Arnoldo Mora [email protected] | Viernes 02 marzo, 2018


Por un nuevo Pacto de Concordia

Ya se va haciendo costumbre en los ciclos en que nuestro pueblo acostumbra llevar a cabo su quehacer político, y que consiste en dividir la campaña electoral en dos fases: en la primera elige a los miembros del parlamento siguiendo sus simpatías partidarias; pero en la segunda escoge a quien quiere que sea el nuevo Presidente de la República, trascendiendo en muchos casos las simpatías partidarias. En otras palabras, para elegir diputados el ciudadano lo hace pensando en el partido político de sus simpatías; pero para elegir presidente en muchos casos lo hace pensando en votar en contra del candidato que no goza de ninguna simpatía de parte suya. Este comportamiento de un amplio porcentaje de costarricenses tiene como consecuencia práctica que se dé un reforzamiento del poder del Parlamento y de los partidos allí representados, pero en detrimento del tradicional poder del Ejecutivo, pues muchos de los que eligen al presidente en la segunda vuelta no votaron por él en la primera. Por lo que el presidente debe gobernar, en esos casos que ya se van haciendo rutina en nuestra vida política, contando con un apoyo minoritario. Un gobierno de minoría solo puede ejercer el poder si se impone, como tarea prioritaria, procurar alianzas con otras fuerzas políticas, sociales o económicas, sean estas alianzas estratégicas, sean tácticas o coyunturales, en función de un orden prioritario de políticas.

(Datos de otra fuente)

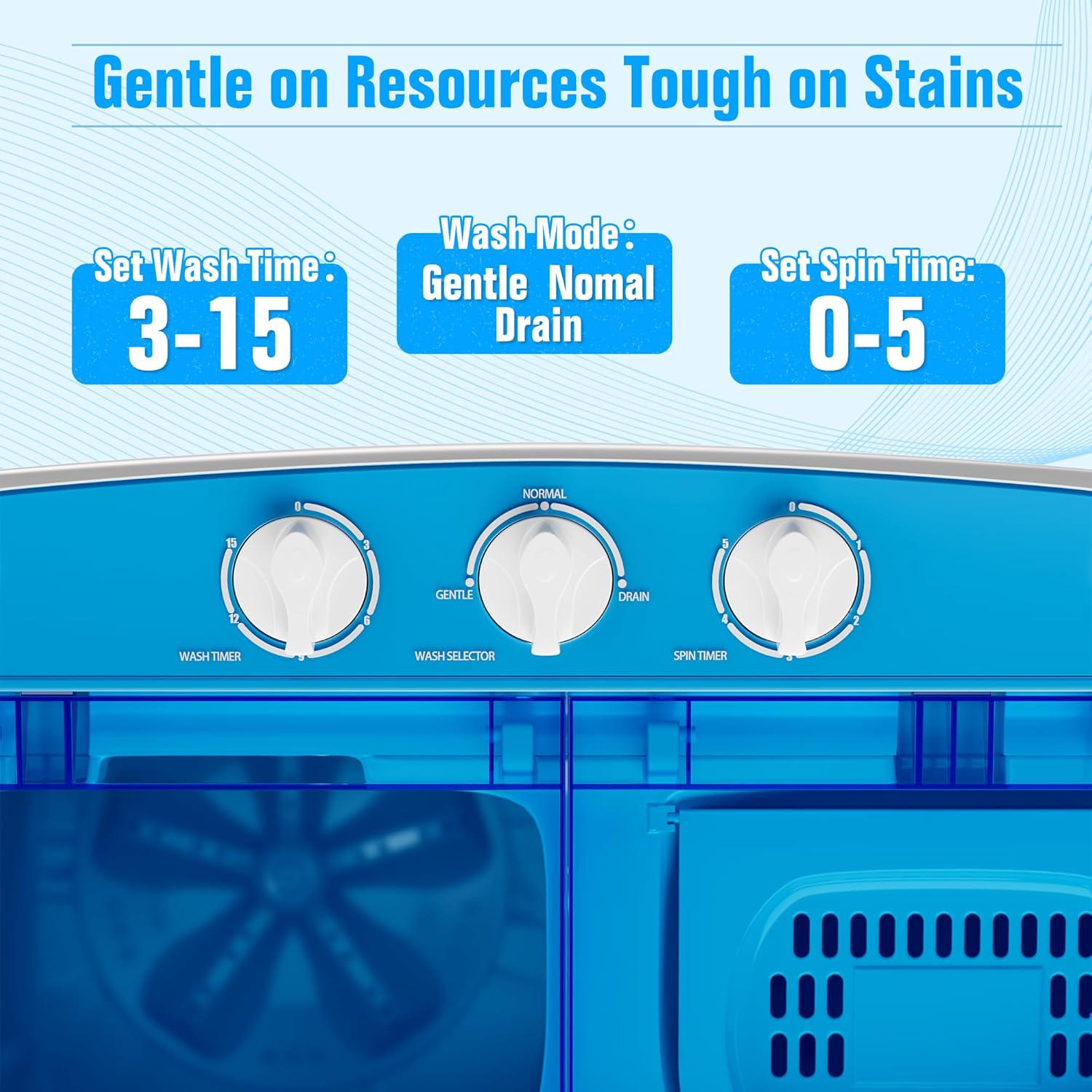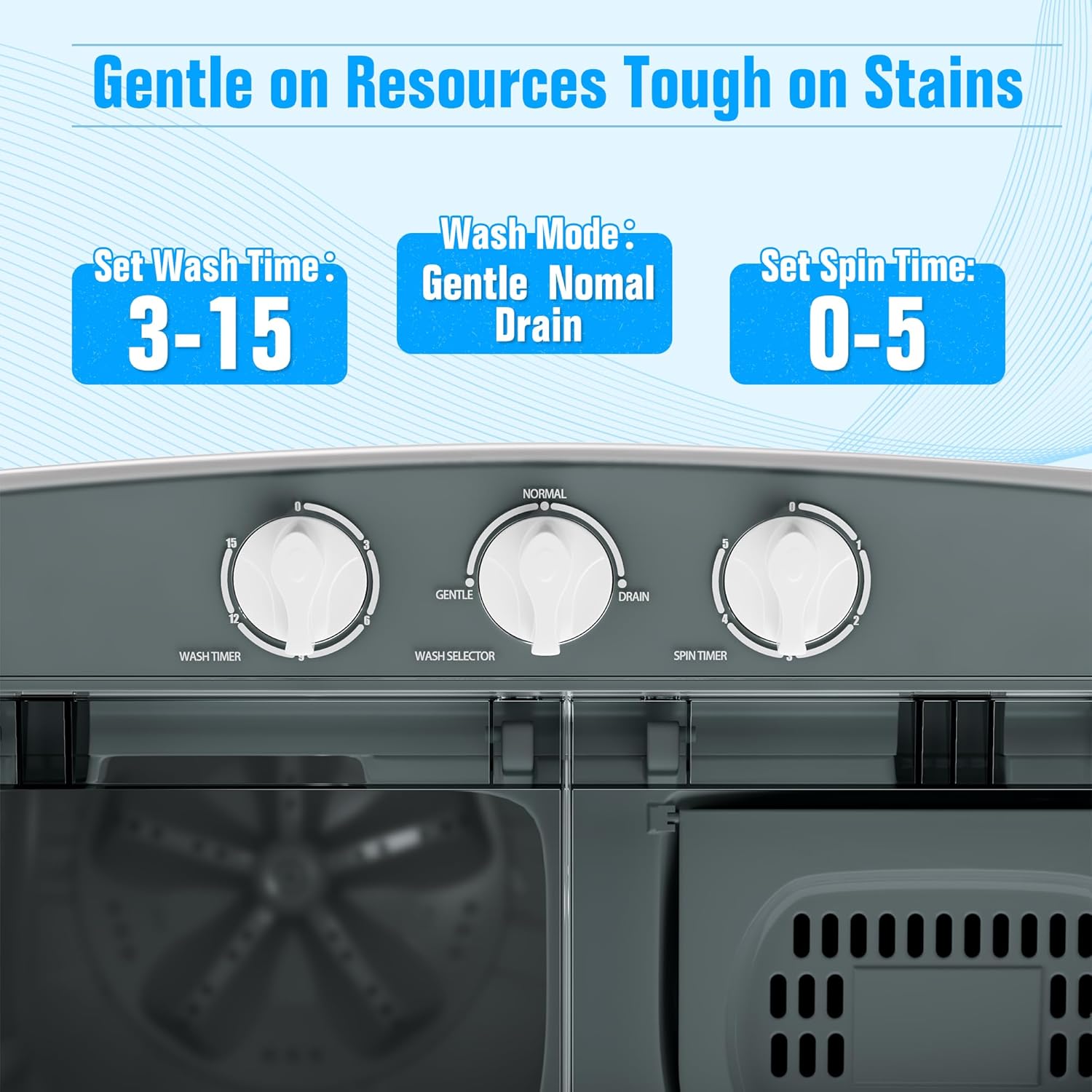 - 【Separate Time Control】:The apartment washing machine controls washing cycle is up to 15 minutes and the spinning cycle is up to 5 minutes each load, finish fast washing and saving you valuable time and. Washing modes: Gentle/Norma/Drain, which is free to set your timer and mode
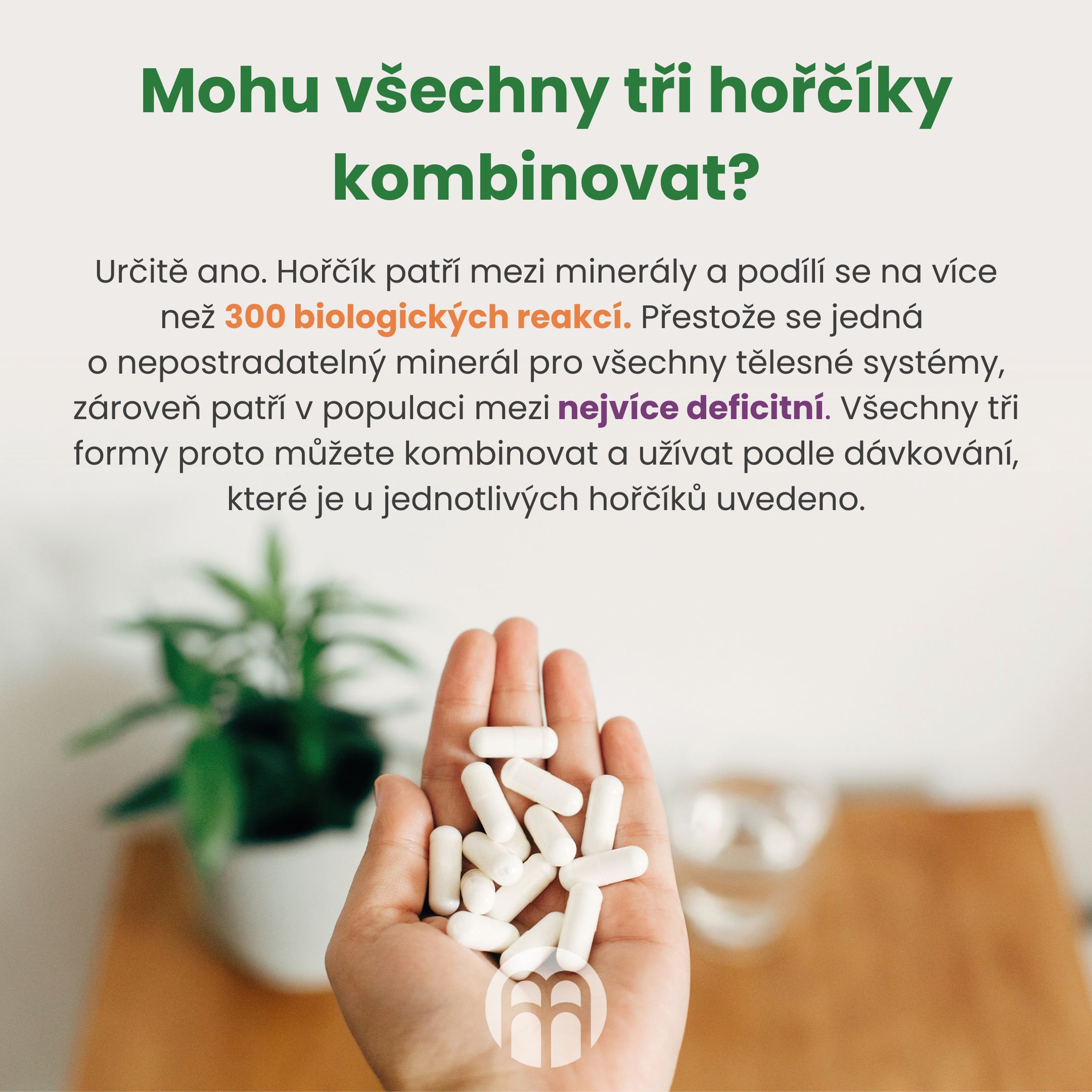 - Chelátová organická forma: Hořčík + aminokyselina glycinu.

Las elecciones en que estamos todavía sumergidos, dan la impresión de ser un tanto contradictorias, pues no sería extraño que quien ganó, aunque en forma muy minoritaria, en la primera vuelta, pierda en la segunda y, con ello, pierda igualmente la presidencia de la República. Pero cualquiera que gane la presidencia siempre tendrá que contar con el hecho inexorable de que dispone del apoyo de un partido que carece de mayoría en el Parlamento, y, en no pocas ocasiones, también en la calle, en las cámaras patronales y, especialmente, en los medios de comunicación pues estos están conscientes de que las noticias negativas venden más que las positivas. Por lo que la clase política y, sobre todo, el inquilino de Zapote, debe siempre conquistarse una opinión pública no siempre receptiva. De ahí la impresión de que siempre estamos en campaña electoral. Lo acaecido con los dos últimos presidentes es más que aleccionador; en el 2010 no ganó Liberación como partido sino su candidata a la presidencia, Doña Laura Chichilla; en el 2014 no ganó el PAC sino Luis Guillermo Solís. En el parlamento se vio reflejado lo que acabo de decir.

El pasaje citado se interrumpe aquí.